Original Air Date: December 13, 1963
Writer: Lou Holtz/Rod Serling
Director: Bernard Girard
“Picture of an aging man who leads his life, as Thoreau said, ‘in quiet desperation.’ Because Harmon Gordon is enslaved by a love affair with a wife forty years his junior. Because of this, he runs when he should walk. He surrenders when simple pride dictates a stand. He pines away for the lost morning of his life when he should be enjoying the evening. In short, Mr. Harmon Gordon seeks a fountain of youth, and who’s to say he won’t find it? This happens to be the Twilight Zone.”
Harmon Gordon (Patrick O’Neal) is married to a much younger and abusive woman named Flora Gordon (Ruta Lee). Harmon can barely keep up with his demanding wife who is clearly growing bored with her elderly husband. One day, Harmon asks his scientist brother Raymond (Walter Brooke) to inject him with an experimental youth serum to help him stay young for his wife. Raymond refuses noting it is merely experimental and we do not yet know the full effects on the body. However, after witnessing his brother contemplating suicide from his upper balcony, Raymond reluctantly agrees to administer the serum.
When Harmon awakens he finds himself a much younger man to his own delight. However, his regressing age does not stop there. Soon he morphs into a child, then a toddler, and Flora tries to desperately leave but Raymond demands that she stay because she made a commitment to stand beside Harmon in sickness and in health. He also threatens legal trouble for her. Thus in a shade of poetic justice Flora must now care for a child and as he grows up their positions will gradually be reversed –Harmon will be young and attractive while Flora will become aged and tired.
“It happens to be a fact: as one gets older, one does get wiser. If you don’t believe it, ask Flora. Ask her any day of the ensuing weeks of her life, as she takes notes during the coming years and realizes that the worm has turned: youth has taken over. It’s simply the way the calendar crumbles…in the Twilight Zone.”
Occasionally The Twilight Zone hits the nail on the head with its stories of supernatural retribution, however “A Short Drink From A Certain Fountain” is not among my favorites in the series. That being said, I have yet to see a truly bad episode of The Twilight Zone and there are still some interesting themes explored here –the wayward dangers of love between two people who are wildly divergent in age, a glimpse at retribution for people who choose money over love, and also we see the problems inherent in unrelenting faith in modern science as Harmon Gordon hopes to obstruct the normal and healthy process of aging and it backfires, exponentially increasing his troubles.
The Twilight Zone Trivia:
- This was the only script contributed to The Twilight Zone by vaudevillian actor Lou Holtz. The story was adapted into a teleplay by Rod Serling.
- The certain fountain referenced in the title for this episode is the mythical fountain of youth.
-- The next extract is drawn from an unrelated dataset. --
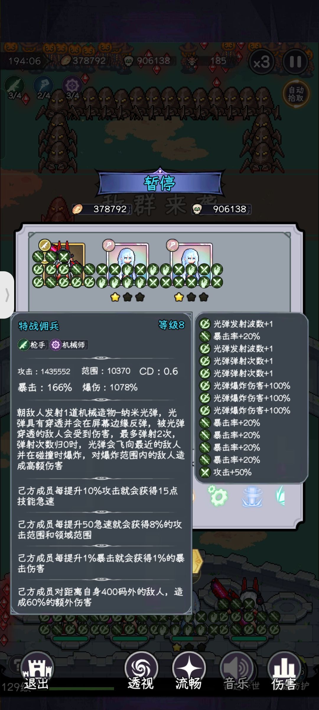 发射波数×2,爆炸伤害×2,弹射次数×2,暴击>攻击,冷却拿1个或2个,最低cd是0.5,看情况拿
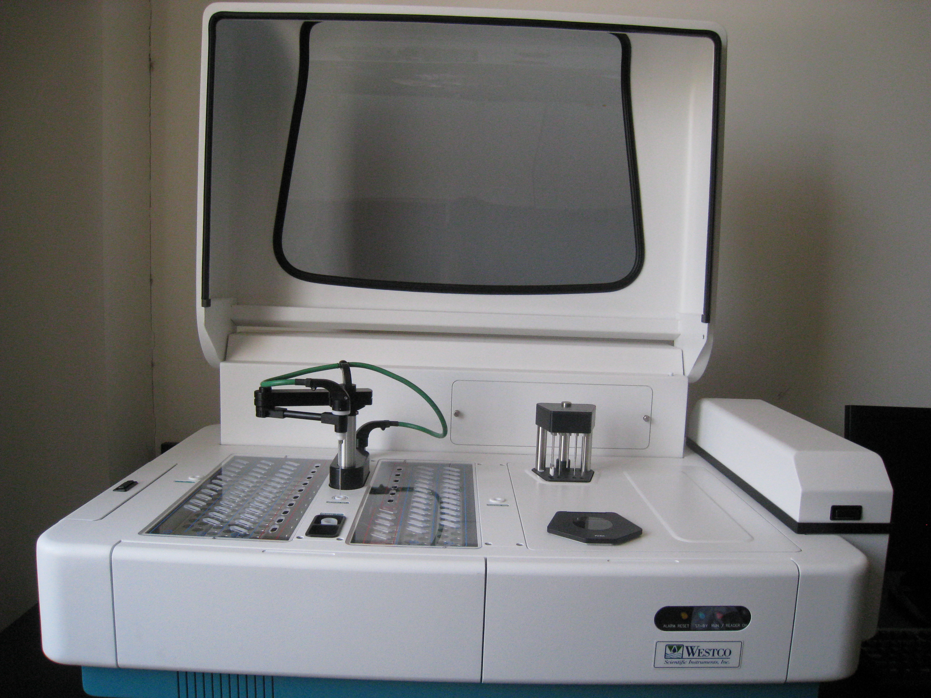 仪器名称:全自动化学分析仪 仪器型号:SmartChem200 仪器简介:Smartchem全自动化学分析仪又叫离散式化学分析仪或间断式化学分析仪。使用经典的比色法。利用机器人技术,全自动取样针把试剂和样品精确地加入比色杯中,搅拌混匀,反应。然后利用高精度双光束数字检测器测量吸光度。对于不同的测量参数,Smartchem可以自动选择相应的波长并测量,不需要更换模块,常规测量客户只需要编排测试顺序,装载试剂和样品,然后机器进入自动测量模式。 应用领域:土壤浸体液、水体等液态样品硫酸根、氯离子、磷酸根、硝酸根、铵根等自动分析测定。 |

- This was only episode in the series featuring Patrick O’Neal and Ruta Lee.
- Patrick O’Neal was a mere eight years older than Ruta Lee at this time this episode was filmed even though his character was intended to be 40 years older than his wife. In later years, O’Neal commented on the extraordinary make-up effects used to make him appear much older –and they were actually very close to what an aged Patrick O’Neal looked like.
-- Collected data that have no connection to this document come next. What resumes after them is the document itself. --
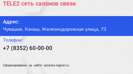 TELE2, сеть салонов связи по адресу Чувашия, Канаш, Железнодорожная улица, 73 в дальнейшем Организация, размещена в следующих категориях:
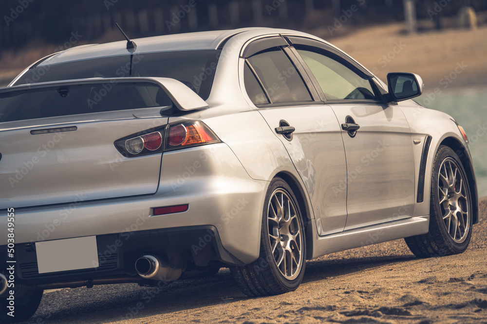 セダン スポーツカー シルバー 車 国産車 ドライブ 夕焼け 海 海岸 ビーチ
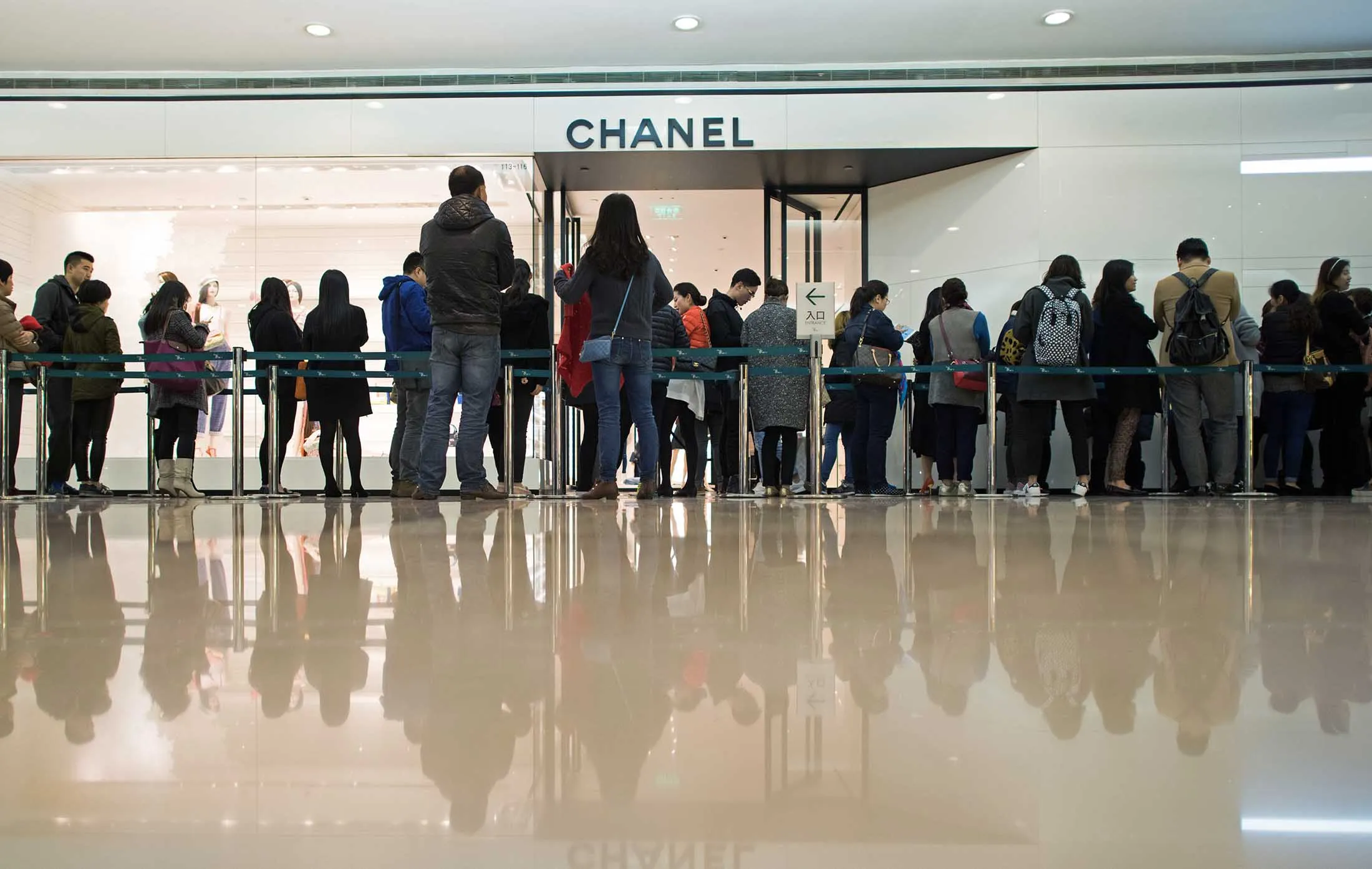 2015年,顾客在上海的一家香奈儿店外排队。摄影师:约翰内斯·艾塞尔/法新社/盖蒂图片社现在,需求正在急剧下降,因为早期的 预测认为疫情后消费的繁荣将持续的想法被证明是错误的。

- There was a deleted scene filmed with a 12 year old version of Harmon Gordon.
- A lawsuit filed against this episode prevented it from being aired in syndication until 1984 along with other episodes like “Miniature” from Season 4. Other episodes suffering from this type of copyright infringement included “Sounds and Silences” and “The Encounter.” When the legal issues were finally resolved in 1984 Patrick O’Neal hosted the television special when it was aired. I was unable to locate the details of this lawsuit and Marc Scott Zicree, author of The Twilight Zone Companion, also says the details remain hazy.
- The character of Raymond Gordon was initially intended to be a physician but CBS demanded his profession be changed to research scientist because of concerns over an ordinary physician experimenting on fellow humans. Rod Serling Serling complied with their demand.
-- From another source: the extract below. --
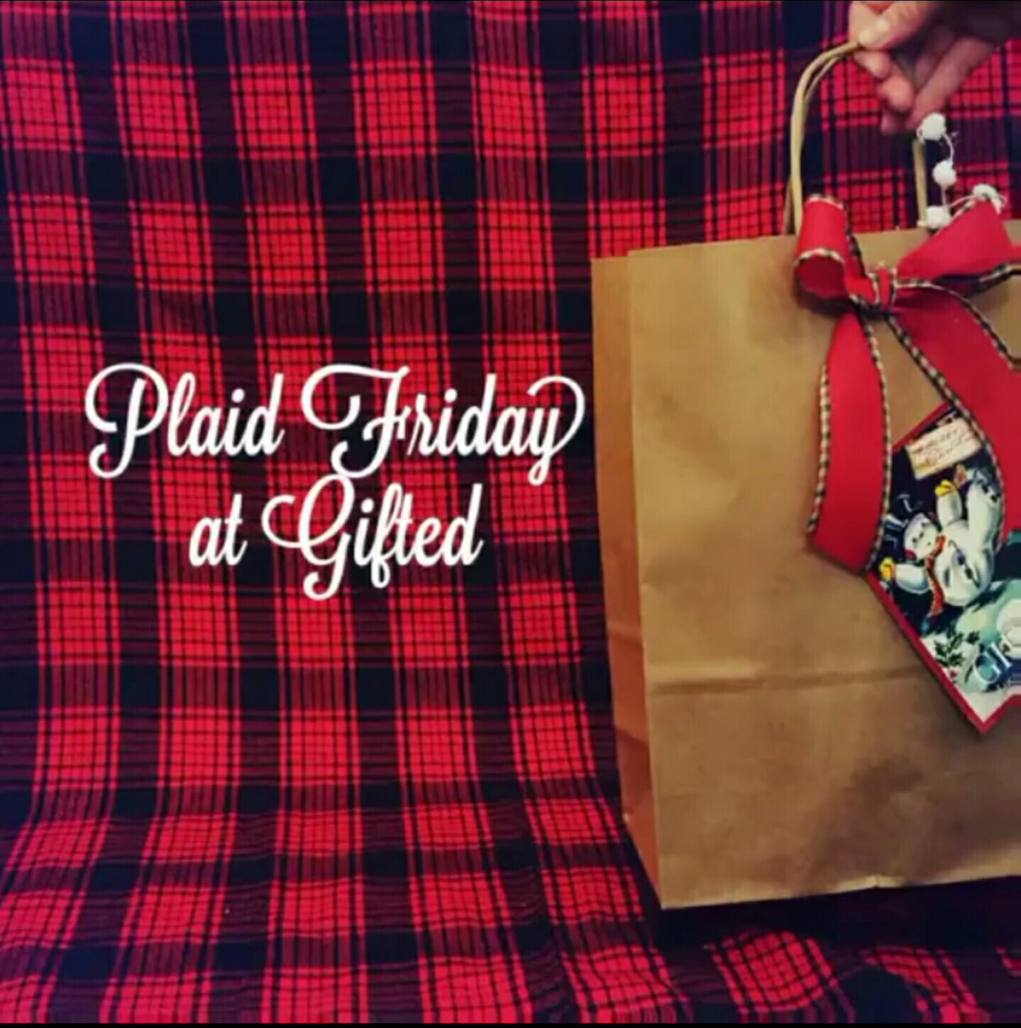 While the rest of the world is preparing to feast with their families, we’re stuffing 20 special bags for our loyal Plaid Friday customers. We open 9am Friday. Take a peek! #plaidfriday #thisisgifted #gwp

- Brief sections of the score for “Walking Distance” are used in this episode.
- The apartment set in this episode was also used in “The Self-Improvement of Salvador Russ.”
Click here to return to my survey of The Twilight Zone series.
I remember that Twilight Zone special hosted by Patrick O’Neal, where I first saw this episode. The consequences of tampering with the nature of aging has been one of the most common and crucial themes for our sci-fi literature. No one should ever have to be afraid of getting older and there are so many health issues for the elderly that should indeed be resolved by scientific advancement. If science ever does in real life find or create a fountain of youth, then maybe it would come down to individual choices, even with obvious reservations from society. With Flora’s abusive involvement in why Harmon wanted to be young again, it proves that even if reversing your own aging process can be the right thing, it should even more importantly be for the right reasons. Thank you for the very interesting Twilight Zone trivia on this one.